What I think was going on was that the church was under a curse they had pronounced over themselves. This course was, of course, poverty and from this poverty they found themselves unable to pay which confirmed the curse they were under and one fed the other to leave them impotent as a 'poor' church.
They looked up the road to the big successful church (whatever happened to 'Giving as Ministry' ?) and saw in their success further confirmation of their inability to pay and of their poverty in terms of numbers (and yet, oddly, both were evangelical and occupied the same beliefs and attitudes) and ability to 'be or do' church.
Then along came a new minister. Not young and flashy, not full of tricks, gimmicks, buzzwords and a 'drop dead gorgeous and talented 'worship band' (isn't it ALL worship?) but committed to breaking the cycle of poverty that had limited the congregation. They set about paying their share and amazingly, they did!
Now this will have done many things:
i. It says to the people -'you are not chained by poverty but have been set free' (and free indeed!); now live like it,
ii. It says to the diocese - 'We are committed to being part of the diocesan family',
iii. Invites renewed (visible) commitment from the diocesan as they recognise the achievement, and
iv. It beggars the question of the other churches around it - 'Were you helping or praying when they were failing or merely content because you weren't? '
It is so easy for poorer communities to believe that they are too poor to reap the benefits of God's Grace and too poor to meet their church's commitments.
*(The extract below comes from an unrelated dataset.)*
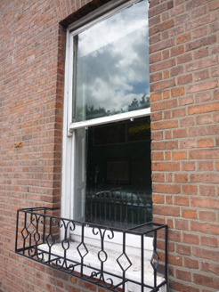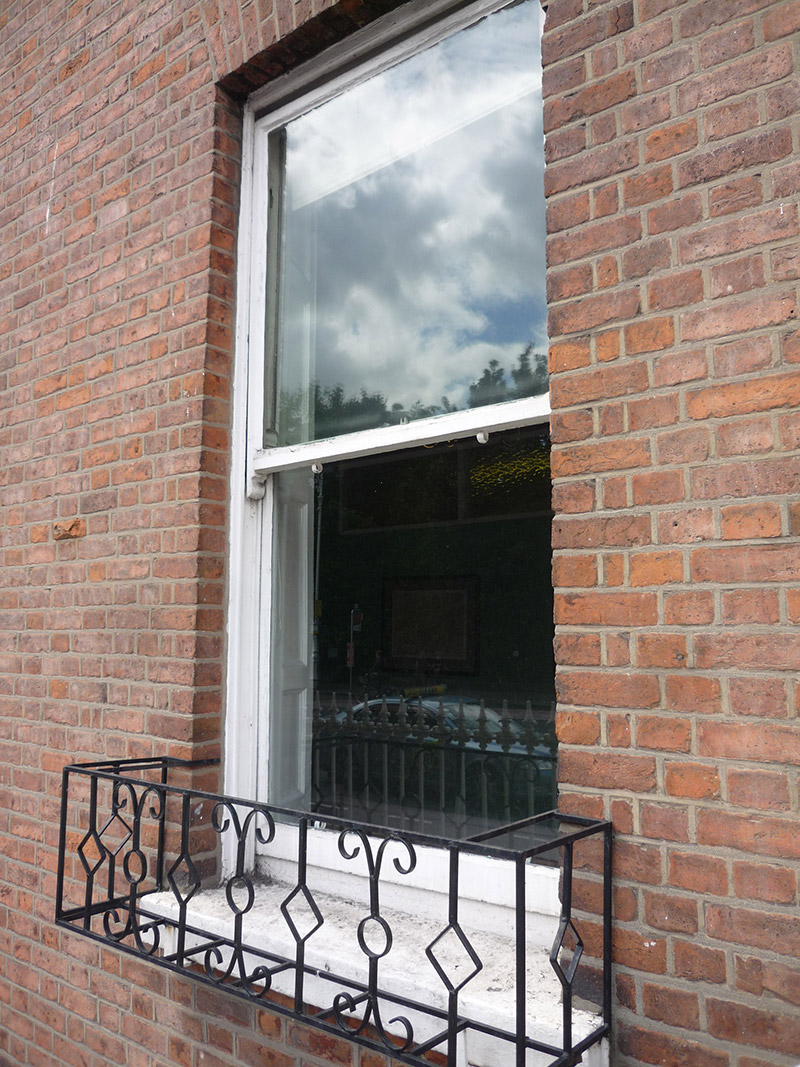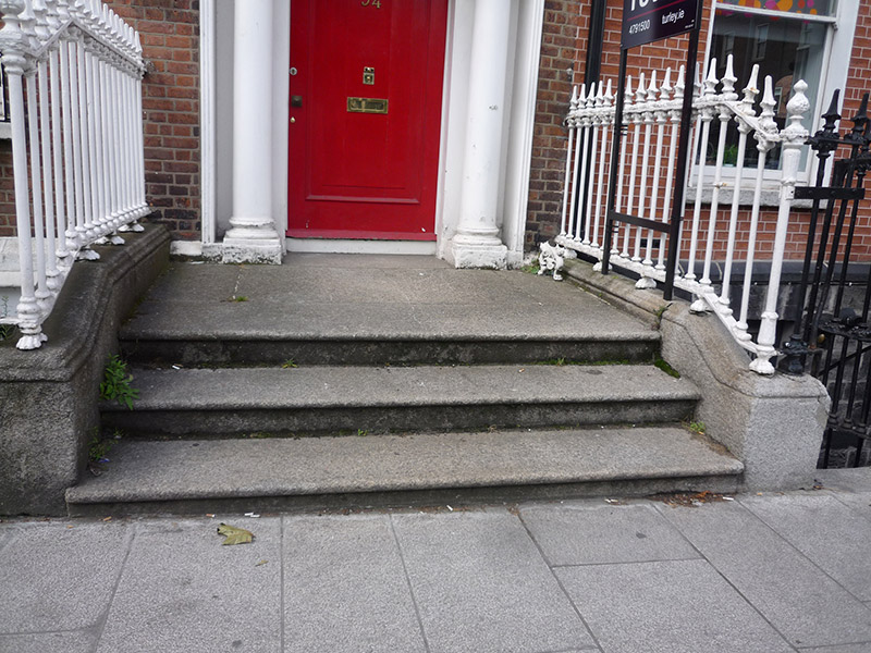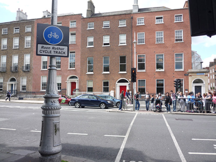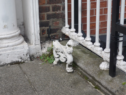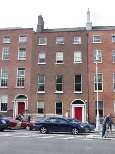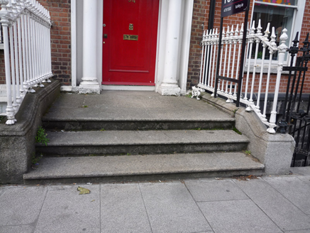 Attached three-bay four-storey former house over basement, built c. 1750, having shallow segmental bow to rear elevation. Now in office use. Slate roof, pitched to front part and with two hipped roofs to rear part, smaller to north and rounded to south. Large shared rendered chimneystacks with clay pots to party walls at front and to south end of rear, concealed rainwater goods, and reconstructed brown brick parapet wall with masonry coping. Flemish bond brown brick walling on painted granite plinth over painted rendered walling to basement; rendered to rear. Square-headed window openings, diminishing in height to upper floors, with painted granite sills and timber sliding sash windows, one-over-one pane with ogee horns, except for basement which has two-over-two pane windows with iron security grilles; timber sash windows to rear, tripartite to lower floors. Decorative wrought-iron vignettes to first floor openings. Segmental-headed door opening with moulded architrave, recessed painted masonry doorcase with partly engaged Doric columns supporting plain entablature, plain fanlight and single-panel timber door with weatherboard and brass furniture. Door opens onto granite platform bridging basement, with three bull-nosed steps to street level and cast-iron boot-scrape. Basement area enclosed by spear-headed cast-iron railings on moulded granite plinth wall. Separate entrance at south provides access to masonry staircase with replacement metal handrail. Replacement timber panelled door provides internal access below bridged platform. Casey (2005) notes that interior retains some early joinery, cornices and other elements. Carparking at rear.
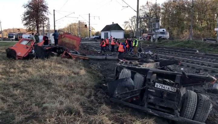 Отмечается, что водитель грузовика выехал на переезд перед приближающимся поездом, следовавшим из Минска в Адлер.

It is easier still for those churches with money (and numbers) to sit back comfortably and pay from what they have whilst celebrating the many people they have who are able and active and forget about the poorer church 'up the road/across town'. Because even though this is about them - they don't stand in isolation - Do They?
Malachi's entreaty that we 'bring all of our tithe into the storehouse so that none may go without' doesn't stop at our doors but continues to the whole family.
If a man falls into a hole and has no friends, he perishes; but if he has friends he will be saved.
Who's going to help break the chains that surround so many of our vulnerable and essentially placed churches I wonder?